You know what sucks about real life? It's only from one perspective. Where are the variance in genres? You can only play real life in first person, and we all know too much of one type of genre gets boring. We need variety, and now we can have it. Introducing (a year or so after it was revealed) the Avatar Machine. This is a suit that allows the wearer to view himself in the third person, and the video above shows off its newest iteration. It's like putting yourself in a videogame of the real world.
While the technology is cool, creator (or possibly just video poster) Marc Owens own description of the device hints at how disturbing putting yourself into third person actually is.

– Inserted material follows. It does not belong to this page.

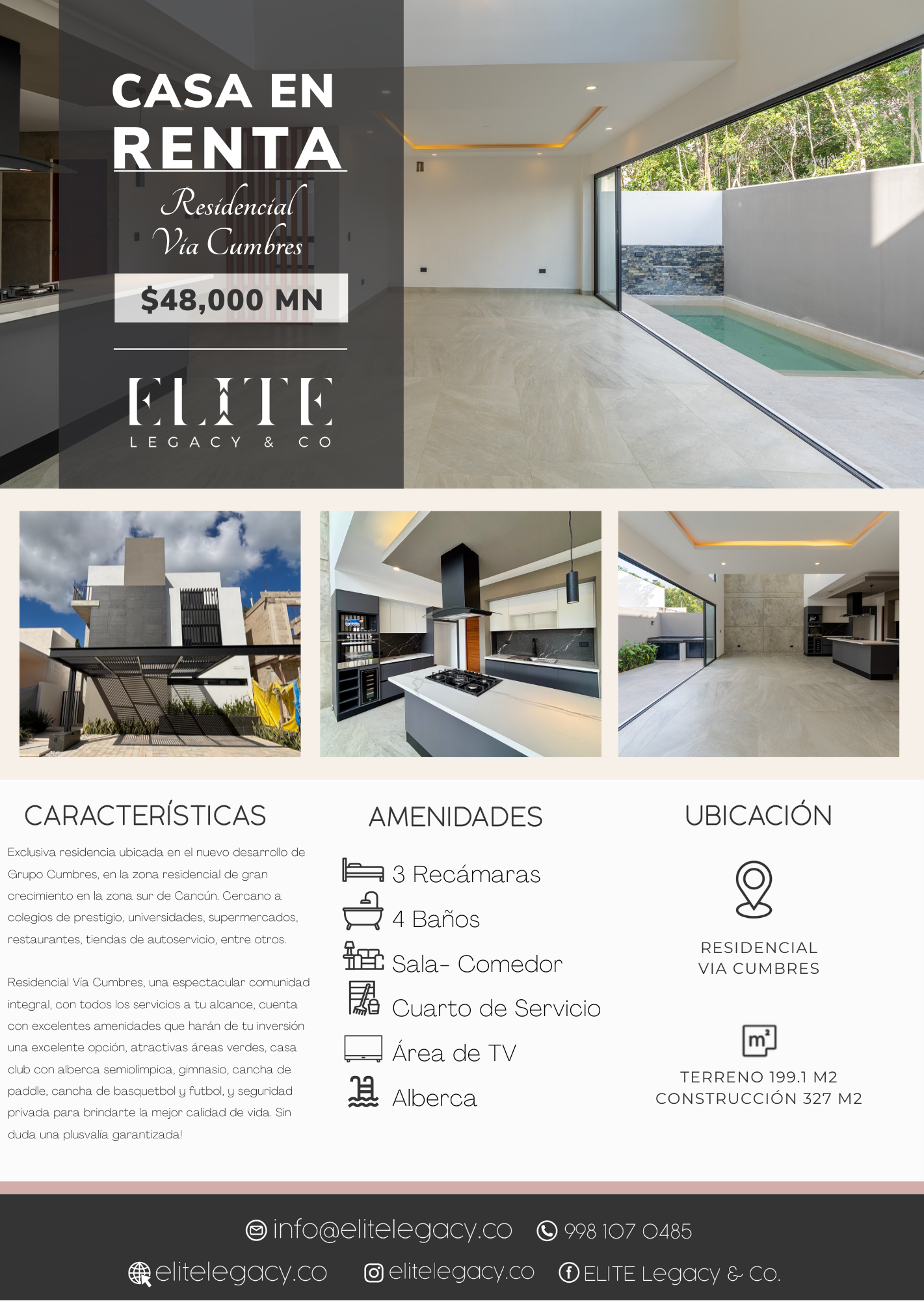 Exclusiva residencia ubicada en el nuevo desarrollo de Grupo Cumbres, en la zona residencial de gran crecimiento en la zona sur de Cancún. Cercano a colegios de prestigio, universidades, supermercados, restaurantes, tiendas de autoservicio, entre otros.
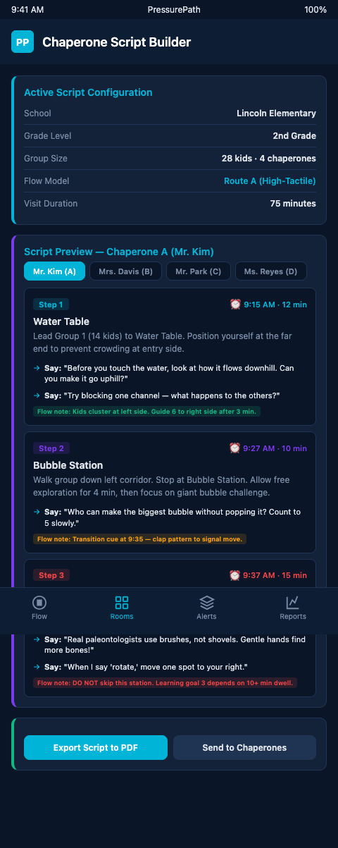 The script delivery mechanism matters as much as the script content. Peoria Riverfront Museum's chaperone guide template and The Henry Ford's zone-by-zone behavioral cue guide both use a zone-by-zone format that aligns with how chaperones physically move through the floor. PressurePath outputs scripts in the same format: one page per chaperone sub-group, organized by zone sequence, with opening prompts, engagement cues, and transition signals for each station.

Avatar Machine is a wearable system which replicates the aesthetics and visuals of third person gaming, allowing the user to view themselves as a virtual character in real space via a head mounted interface. The system potentially allows for a diminished sense of social responsibility, and could lead the user to demonstrate behaviors normally reserved for the gaming environment.
Not the greatest advertisement for the tech, considering ditching social norms and moral behaviors isn't always the best idea. However, I doubt we will all be wearing these any time soon so mass marketability is most likely not the goal.
Matthew Razak is Destructoid's Associate editor and co-founder of film site Flixist. He began as community member "cowzilla" and was since sequestered to write brainy features material. He lives in Los Angeles with his beautiful wife.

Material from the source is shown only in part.